I was visiting CBS after more than a decade, having left sometime in 1998/1999 when Mr. Girish Roy was the boss. Naturally, I expected things to have changed, and there were a lot of changes indeed. An eyesore of a metal barricade, one that would have made Hogwarts’ dementor-deflecting walls look like a joke greeted me. I wonder what kind of recidivistic delinquents attend CBS now that they have to be kept walled in like that! The dusty old pitch was pretty much the same as ever, as was the red brick Renfrew house.
First CBS and then Medical College, Kolkata. I have a long and cherished history with red brick houses, it seems!
Bits and pieces of memories trickled down as I climbed the well worn staircase of the Renfrew House to head for the assigned room, hoping against hope to find some vestiges that would let me connect to the past. I do not remember clearly but I think we may have done our class V (or was it class VI?) in the Renfrew House, in one of the rooms adjacent to the staircase (on the left hand side).

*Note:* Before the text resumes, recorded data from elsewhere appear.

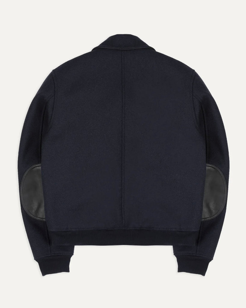 • Drake's Navy Wool and Leather A-2 Bomber Jacket
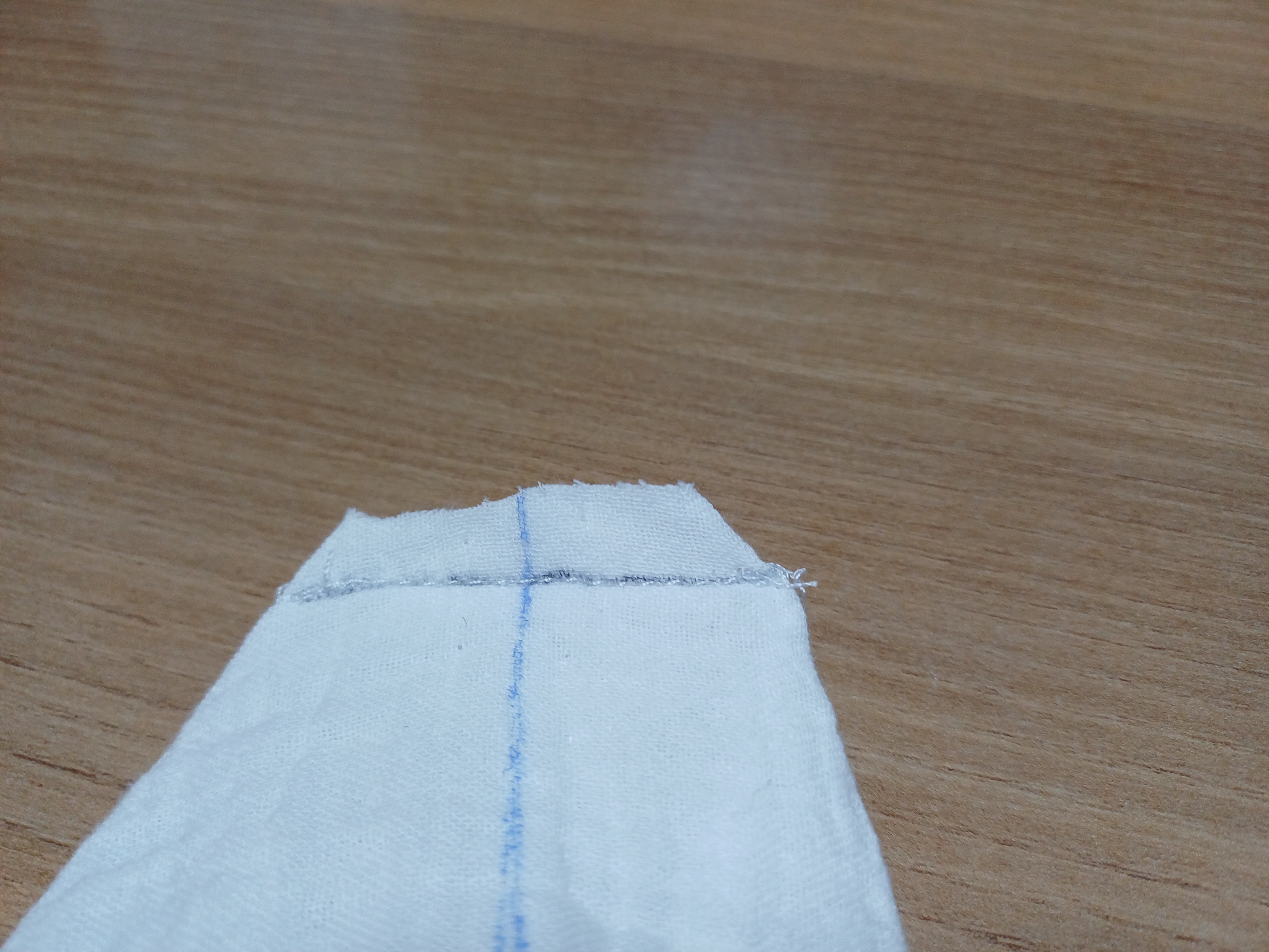 2. 옆선과 밑면의 중심선을 맞추어 모서리에서 4cm 지점에 바느질 하고 모서리를 자른다.
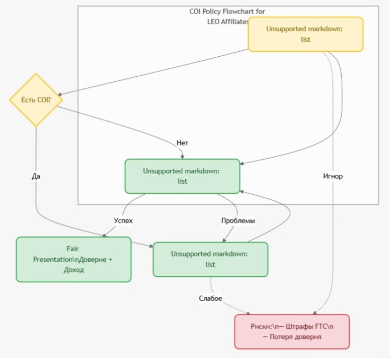 Идентификация COI: Перед публикацией спросите: «Моя рекомендация LEO мотивирована комиссией или анализом?» Если да — disclose.
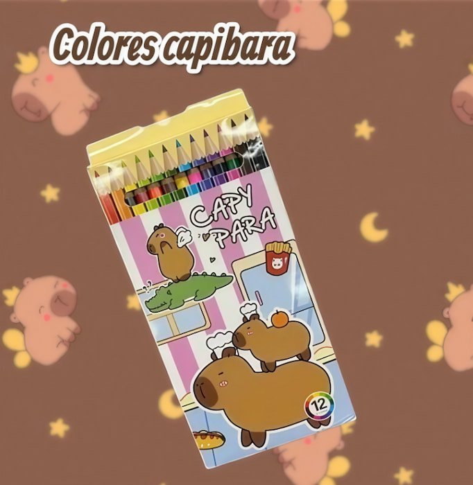 Set de 12 lápices de colores con diseño de Capibara, cada uno en un color diferente. Viene en práctica cajita, ideal para la escuela, dibujo o creatividad en casa.
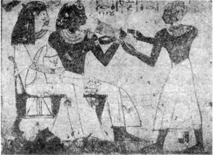 يضاف إلى ذلك أن قميص صاحب المقبرة الأول وثوبه قد غُيرا، وليس في هذا ما يدهش؛ لأن ملابس الرجال في ذلك العهد كانت قد غُيرت بعض الشيء أيضًا. فإذا وازنا بين الثوب الذي كان يرتديه «تحوتي»، والثوب الذي كان يرتديه «تحوتي محب» وجدنا أن ثوب الأخير كان يظهر فيه بعض الانحناء والاتساع من عند الركبة، ولم يقتصر هذا التغيير على صور الأشخاص البارزين، بل نجده ظاهرًا كذلك في جلباب ابن صاحب المقبرة (pl. XI. B). المرسوم على الجدار الشرقي، كما نجد تغييرًا في الأزهار التي كان يقدمها لوالده (راجع pl. Xi b, XII b.).(انظر الصورة (2)، فنلحظ أن هناك تغييرًا في كلتا الحالتين عن الملابس الأصلية التي نشاهدها في مناظر «تحوتي» الأصلية، فثوب الخادم قد زيد في طوله، وأصبح ينتهي بانحناء بعد أن كان يُرسم أفقيًّا. أما ملابس السيدات اللاتي كن يجلسن على الحصير في الوليمة (راجع Wresz I pl. 169) (انظر صورة 3 الوليمة)، فقد وجد المثَّال على ما يظهر مشقة في تغيير صورهنَّ؛ لأن المنظر لم يكن من المناظر المألوفة في عصره؛ ولذلك كان التغيير الذي قام به طفيفًا؛ إذ اقتصر على الزيادة في طول الثوب حتى النحر، وبذلك غطى الثدي الذي لم تستره الحمالة في ثوب زي الأسرة الثامنة عشرة، أما الفتيات اللائي كن يقمن على خدمة هؤلاء السيدات فقد ألبس المثال كلًّا منهن جلبابًا ستر به كل الجسم الذي كان في الأصل عاريًا، وهذا التغيير في صور القبر يعد أهم شيء يسترعي النظر، ويتطلب إيضاحًا شافيًا.
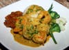 Appetizers: Tempting starters include Berkshire baby back ribs, served with the house barbecue sauce and homemade slaw ($9), plump seared sea scallops paired with truffled aioli and baby greens ($11), and Prince Edward Island mussels, steamed in a sweet Thai curry broth ($8).
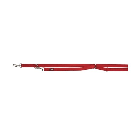 De Trixie Premium Hondenriem Dubbelgestikt Verstelbaar Rood 200 x 1 cm is een nylon looplijn voor de hond van singelband, drievoudig verstelbaar en met extra oogjes. Zo is de lijn geschikt voor meerdere doeleinden en kan je jouw hond op een lengte laten lopen die voor de situatie het meest geschikt is. Je kunt hem eenvoudig verstellen door de musketonhaak aan één van de ringen te klikken. Ook de andere kant eindigt in een musketonhaak, voor gemakkelijke bevestiging aan halsband of tuig. De extra oogjes zijn ook geschikt om bijvoorbeeld een penning of lampje aan te hangen. Strak, degelijk en toch heel functioneel!

As I took my seat, I realized that it was one of the classrooms in the art-room corridor, where we had lessons with Mr. Tapan Mitra. And opposite to Mr. Mitra’s kingdom used to be our music room where there was a grand piano and I’d try my best to not let it out that I can sing about as well as a frog with a sore throat. As for art, I remember always drawing plucking mangoes in the summer. And the one time we had a still life drawing class with some fancy-schmancy charcoal thingy, I remember drawing a vase and mangoes. I still had the weird little metal blower with which we used to shower the charcoal smudges (clearly I did not have much in the way of artistic talent working for me) with a whitish fixative a few years ago until I decided to do a purge of my room. (That is a story for another time!)

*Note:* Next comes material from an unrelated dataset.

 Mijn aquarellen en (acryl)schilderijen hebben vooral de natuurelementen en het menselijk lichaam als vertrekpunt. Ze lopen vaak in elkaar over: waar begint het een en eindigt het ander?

I peered into the room opposite to Mr. Mitra’s art room hoping to see the giant piano but now instead of Mr. Jogen Khan and Mr. Das Chowdhury’s (I hope I got the names right, it’s been some time since I reminisced about these folks) music room, there was a class room filled with medi-nerds trying to crack the paper.
As I stood there, absorbing the surroundings, remembering our tiffin-cricket days in the courtyard behind Renfrew, a few names popped in and out. Somehow I have always remembered one guy inevitably associated with all forms of under-arm cricket. Atrishekhar Ghosh. Each time I am reminded of Atri, I think of DG’s heartfelt obituary, and feel a little sad inside. I took this opportunity to go read the note again, and I think you should too (irrespective of whether you went to CBS or not). It reminds us that though we have a difficult life, maneuvering our careers and what not, its always worth keeping your friends close by. Because once they are gone, the feeling of guilt is immense. The note and the comments that follow are a nice, touching read but then again, DG always did have a way with words… which reminds me that DG was the first amongst us to do a Nadia Comaneci (cracking a perfect 10 on Mr. Steven D’Souza’s paragraph writing tests!). And tests in CBS are always associated with the memory of our furious parents wanting to meet Miss. C. Kariappah (our supposedly hot Preparatory Teacher: I have absolutely no recollection whatsoever what she looked like!) for giving us all (like, the whole bloody class) “Unsatisfactory” grades in some inane subject like music or what not.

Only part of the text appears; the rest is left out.